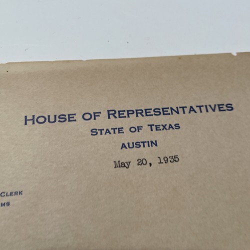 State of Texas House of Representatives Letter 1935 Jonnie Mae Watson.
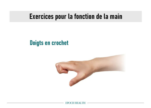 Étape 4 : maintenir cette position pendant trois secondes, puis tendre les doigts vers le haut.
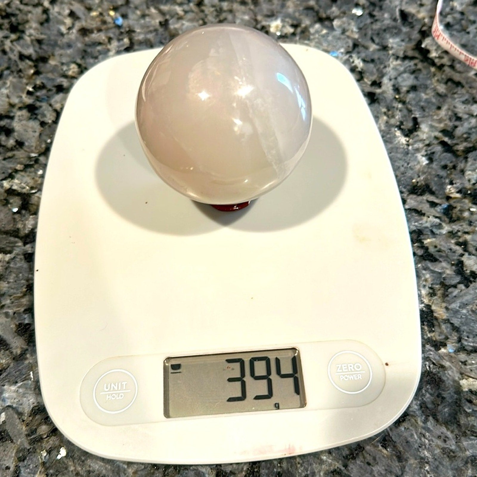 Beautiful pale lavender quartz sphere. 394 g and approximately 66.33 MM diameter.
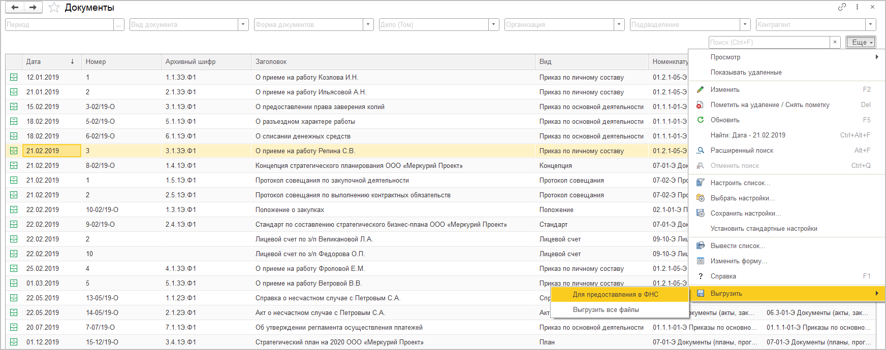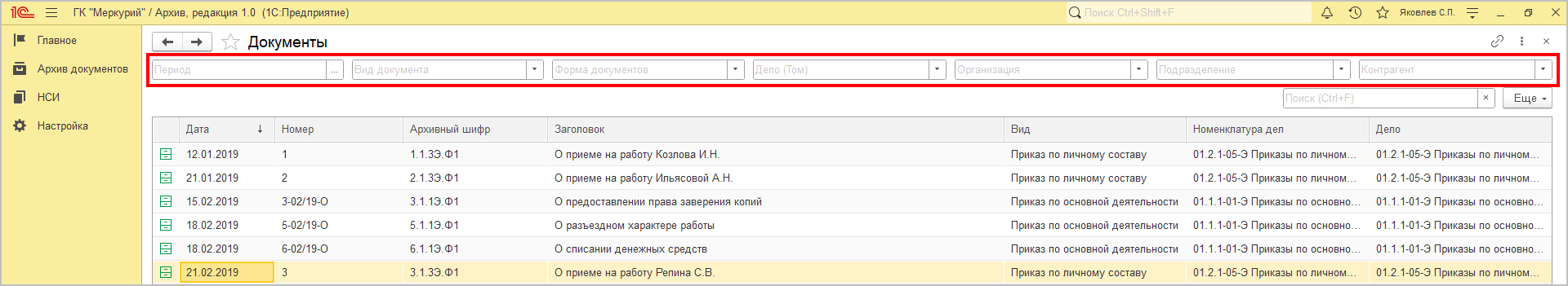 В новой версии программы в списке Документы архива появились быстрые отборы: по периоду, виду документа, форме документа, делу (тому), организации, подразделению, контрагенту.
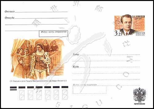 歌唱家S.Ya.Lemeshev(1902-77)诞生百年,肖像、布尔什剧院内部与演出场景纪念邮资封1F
※ ※ ※
WHAT THIS TASK INVOLVES:
Each record should be given again exactly, with no picture carried over.

RESPONSE BOX:
 State of Texas House of Representatives Letter 1935 Jonnie Mae Watson.
 Étape 4 : maintenir cette position pendant trois secondes, puis tendre les doigts vers le haut.
 Beautiful pale lavender quartz sphere. 394 g and approximately 66.33 MM diameter.
 В новой версии программы в списке Документы архива появились быстрые отборы: по периоду, виду документа, форме документа, делу (тому), организации, подразделению, контрагенту.
 歌唱家S.Ya.Lemeshev(1902-77)诞生百年,肖像、布尔什剧院内部与演出场景纪念邮资封1F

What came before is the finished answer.